Plot Spoilers in this post
Last Rites When I am gone, take up your kitchen broom, sweep three stars down from the cobwebbed sky. Place the first in my coffin; its bleach-bright light will suffuse my guttered flame, waken life’s soiled toil to the tear-dried home, prepared. Place the second in my tended garden, where my gardener will look for me, where it started. Place the last on a chain around your neck; wear it as a sacrament of the lights we kindled. Then when the stars tumble from the sky at the end, our shining will illuminate scars on love’s invincible face. From The Call of the Unwritten - A Collection of Poems by Adrian G R Scott Buy Here
I have just rewatched the wonderful film - The English Patient and as I type I am listening to its beautiful soundtrack. My wife Wilma and I went to see it in 1996 when it came out. We had only been married 6 years and our children were very small. We hade not long moved to Sheffield.
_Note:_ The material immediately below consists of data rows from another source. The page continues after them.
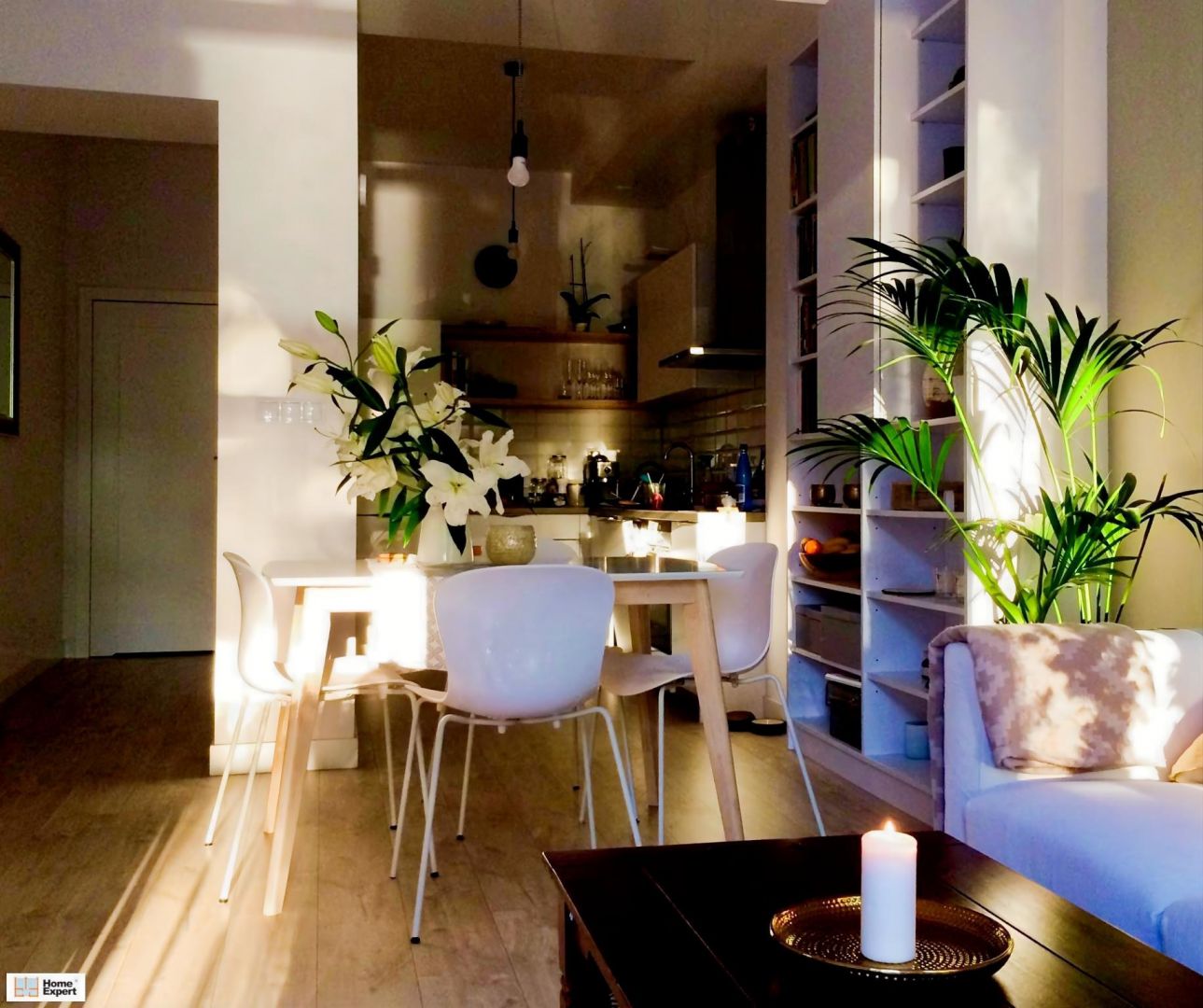 Salon z aneksem kuchennym został funkcjonalnie rozdzielony stylową kolumną, tworząc spójną,
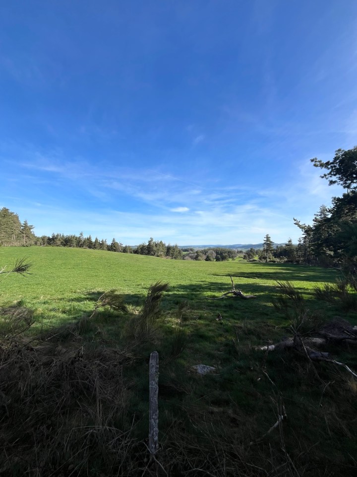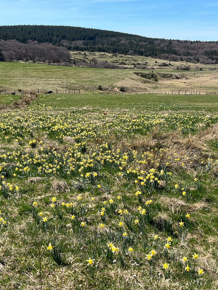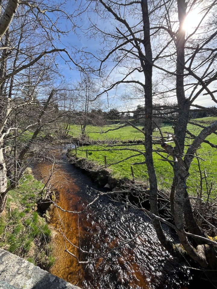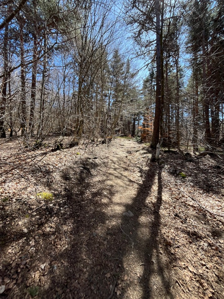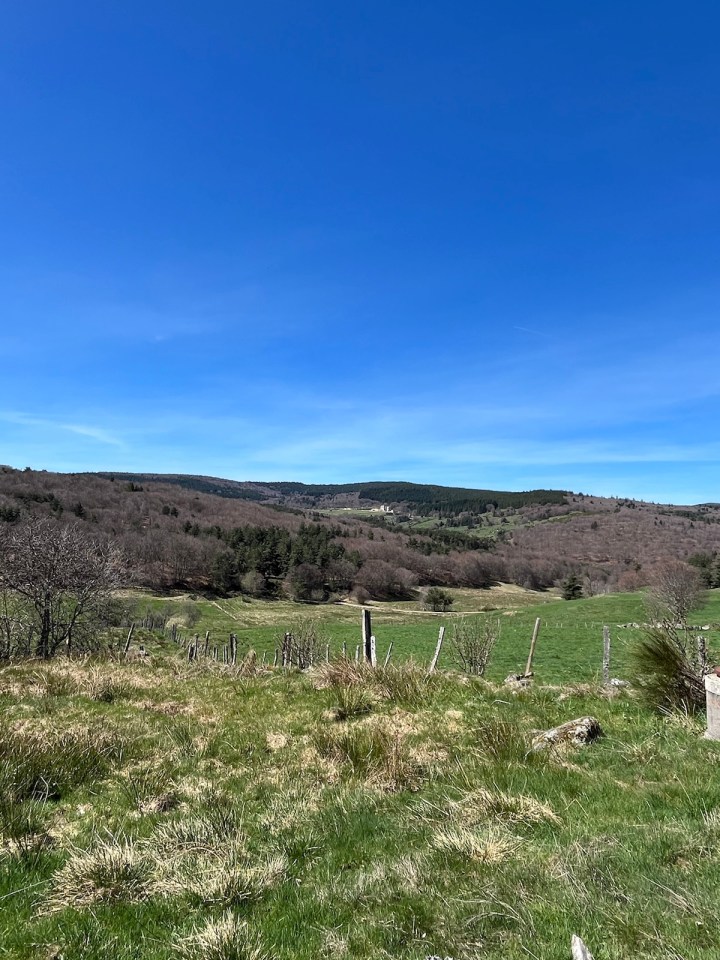 Alternance de petits hameaux de 2/3 maisons, champs et prairies, bois de résineux, et surtout des montées régulièrement et plus pentues les unes que les autres. Le soleil est de plus en plus chaud, crème obligatoire sur les avant bras, le visage et l’oreille gauche exposée à l’est toute la matinée.
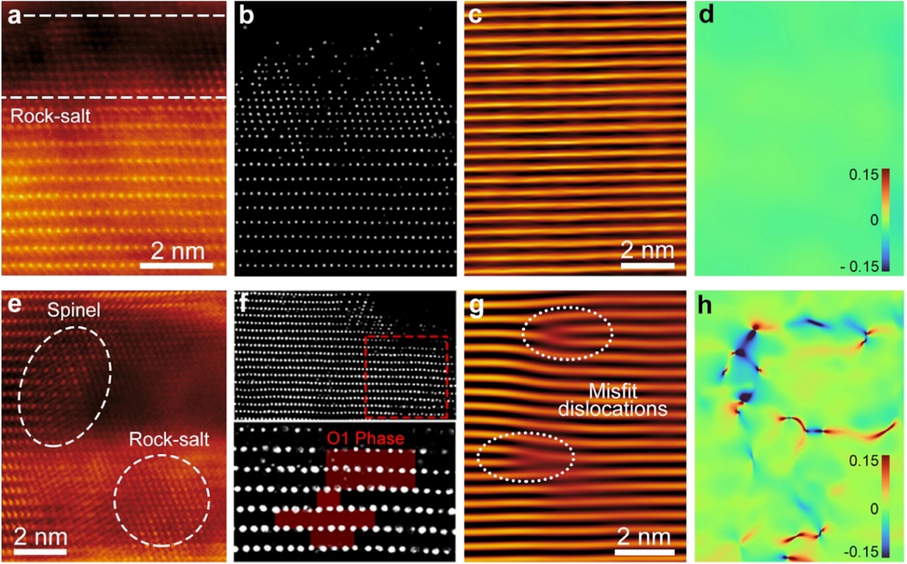 图4. 循环后正极颗粒的相变、晶格失配和内部应力分布分析。循环后 P-LCO 正极颗粒的近表面 (a, b) 和体相 (c)的HAADF-STEM 图。(d) 循环后 P-LCO 正极体相的几何相位分析(GPA)。(e−g) 循环后 LCO 正极颗粒体相的 HAADF-STEM 图。(h) 循环后 LCO 正极颗粒的 GPA 图谱。
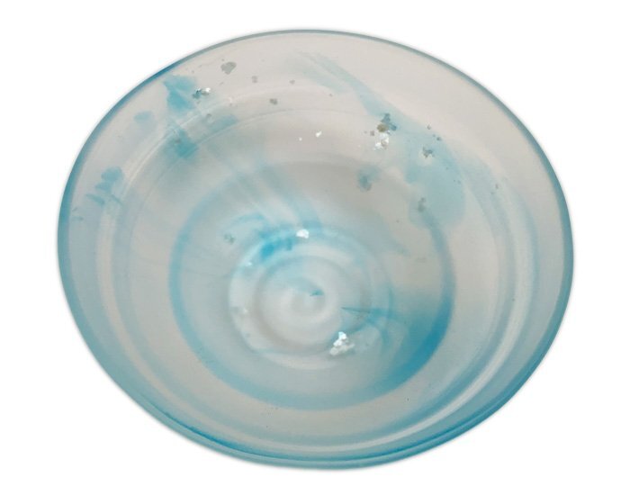- 木箱入り 銘 関吉昭 硝子茶碗 平茶碗 夏茶碗 近代工芸 現代作家 現代陶人 焼き物 工芸 硝子 青色 美術品 芸術品 共箱
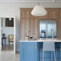 The 3 different colour tones actually cleverly divide the kitchen into 3 separate zones of function: Tall units finished in character oak with beautiful natural grain consolidates an abundance of food storage, alongside the large American style fridge/freezer.
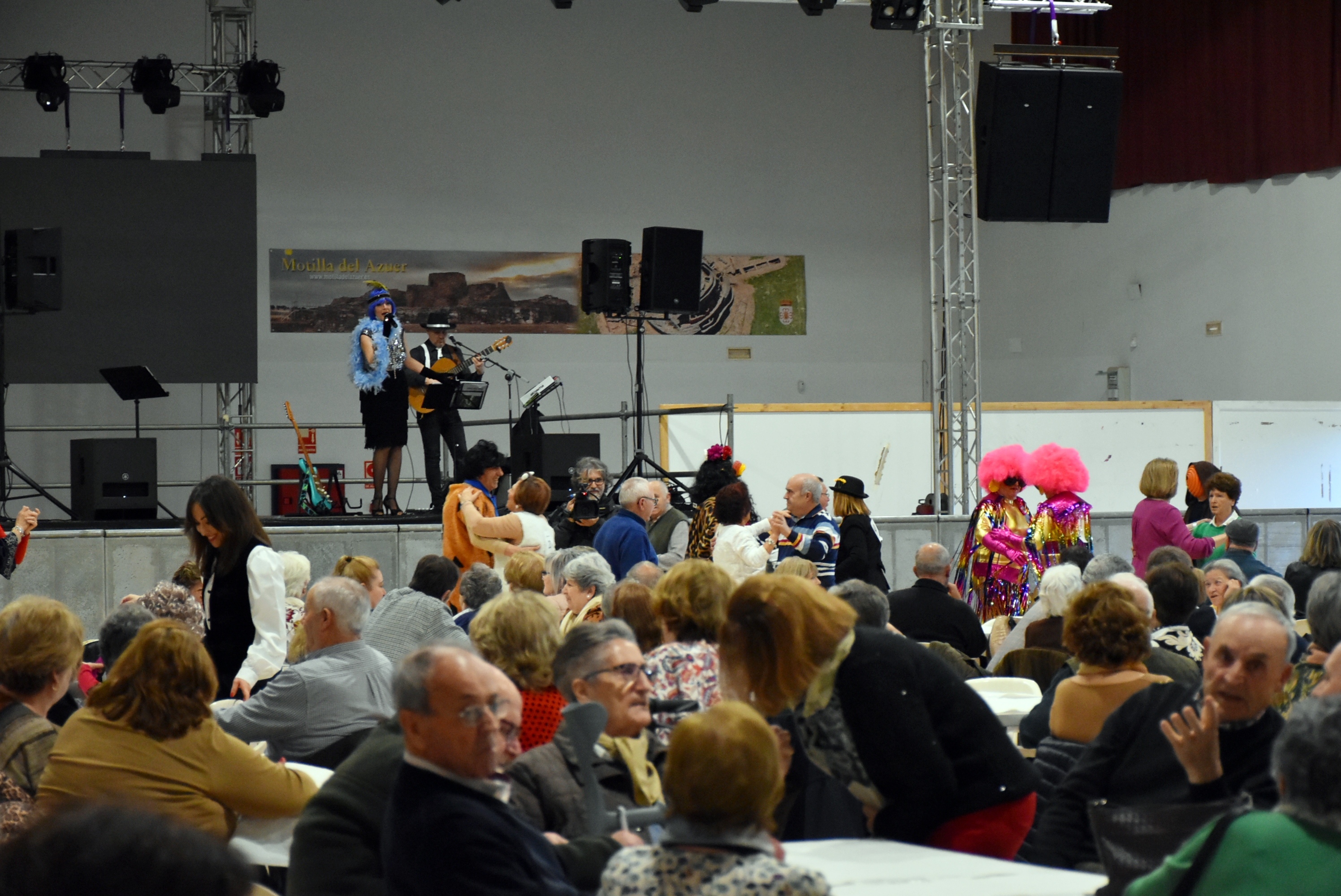 Daimiel Noticias.- Color, diversión y música en la fiesta de mayores de Carnaval de Daimiel. Puntuales a la cita acudieron un año más al Pabellón Ferial la tarde del lunes para disfrutar de una velada en la que no faltaron los pasodobles, las rumbas y grandes éxitos de voz de Lola Pérez, que hicieron bailar desde primera hora a los más dispuestos.
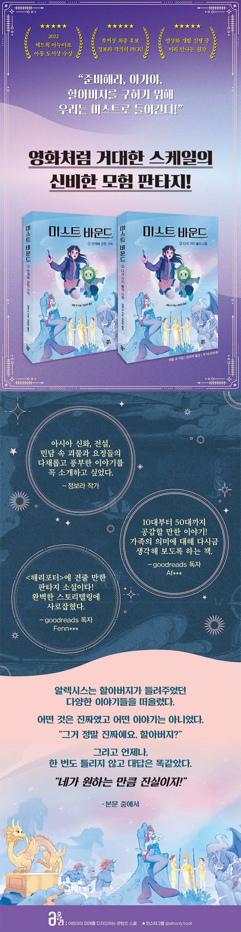헤드윅 아누아르 아동 도서상 수상, 싱가포르 도서상 “BEST YOUNG PERSONS TITLE”과 “올해의 책” 후보에 오르며 2022년 싱가포르에서 가장 뜨거운 데뷔작으로 주목받은 대릴 코의 〈미스트 바운드〉가 드디어 한국에 출간되었다. 민담에 등장하는 환상적 존재와 무시무시한 괴물들을 하나씩 상대하며 모험을 펼쳐 나가는 흥미진진한 판타지 소설 〈미스트 바운드〉는 퀘스트를 하나씩 깨 나가는 듯 속도감 있는 전개, 희망과 사랑이 무엇보다 중요하다는 깊은 주제가 특징이다. 현재 헐리우드와 한국을 잇는 글로벌 제작사 겸 매니지먼트 B&C 콘텐츠에서 영상화를 염두하고 애니메이션을 개발 중이며, 〈어벤져스 어셈블〉 〈스타워즈: 레지스탕스〉 〈복스 마키나의 전설〉 〈블레이드 러너: 블랙 로터스〉 〈벤 10〉 등의 주요 애니메이션 시리즈를 집필한 유진 손이 시나리오를 작업 중이다.
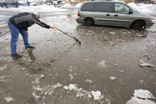 Manager Levi Lenz uses a snow shovel while trying to locate a clogged storm drain in the parking lot outside Anytime Fitness on Wednesday, Jan. 18, 2017, in Moscow, Idaho. The region was hit with an ice storm overnight, and is now under a flood watch because of rain and melting snow. (Geoff Crimmins/The Moscow-Pullman Daily News via AP)

It moved me deeply at the time and again today as I watched it again. The heartbreak of a love that is bulldozed by a war that runs roughshod over it is so poignant. It reminds me of another novel made into a film - Doctor Zhivago. The book of the English Patient by Michael Ondaaajte is wonderfully written and like Zhivago, the film does do it justice and is a work of art in its own right. However, if you really want to get the power of the story read the novels, they are both so poetic and soul-stirring.
At the end of the film of the English Patient - directed by Anthony Minghella - Katherine (played by Kirsten Scott-Thomas) has died in the dark Cave Of Swimmers deep in the desert. She is waiting for Count László Almásy (played by Ralph Fiennes) to come back and rescue her. Tragic misunderstandings and imprisonments fatally delay him. She has his copy of Herodotus’s Histories and she writes in them a journal of her last thoughts.
“We die containing a richness of lovers and tribes, tastes we have swallowed, bodies we have plunged into and swum up as if rivers of wisdom, characters we have climbed into as if trees, fears we have hidden in as if caves. I wish for all this to be marked on my body when I am dead.”
Michael Ondaatje, The English Patient
The unbearable heartache of parting from someone you love touched me and left me stunned as I left the cinema 28 years ago and I wrote the poem that is at the head of this post. The idea that we die containing all the richness of lovers and tribes, tastes and bodies and the marking of this as we pass filled me with a desire to speak for myself of these mysteries.
The story is full of tribes, and lovers, of wonder and loss. Hana a nurse who looks after Almásy at the end of his life has a beautiful liaison with a Sikh Bomb Disposal Officer in the deserted Monastery they are both inhabiting. At one point he takes her to a local church and he uses ropes to hoist her up to the ceiling to look at the most exquisite frescoes. I think they are by Giotto.
They made me think again about the way our life is full of these illuminating experiences, every once in a while, and often when we least expect them. They fill us up and I hope with all the fervour I can muster, that we somehow carry them onwards in some mysterious way. We are all the product of our parents and the tribes they came from and the rivers they became. Now as I am much closer to the end than 28 years ago my poem, though somewhat grandiose, still feels congruent to the sentiments in the English Patient.
“I believe in such cartography – to be marked by nature, not just label ourselves on a map like the names of rich men and women on buildings. We are communal histories, communal books. ... All I desired was to walk upon such an earth that had no maps.”
Michael Ondaatje, The English Patient
Take a minute to read the poem again and find the soundtrack and listen to I'll Always Go Back To That Church and think - who are your lovers and tribes and what would you want to say to them.
This is a wonderful poem. Brilliant.
Adrian, lovely poem, and reflection on “The English Patient”. I hope you and yours are well. Thank you.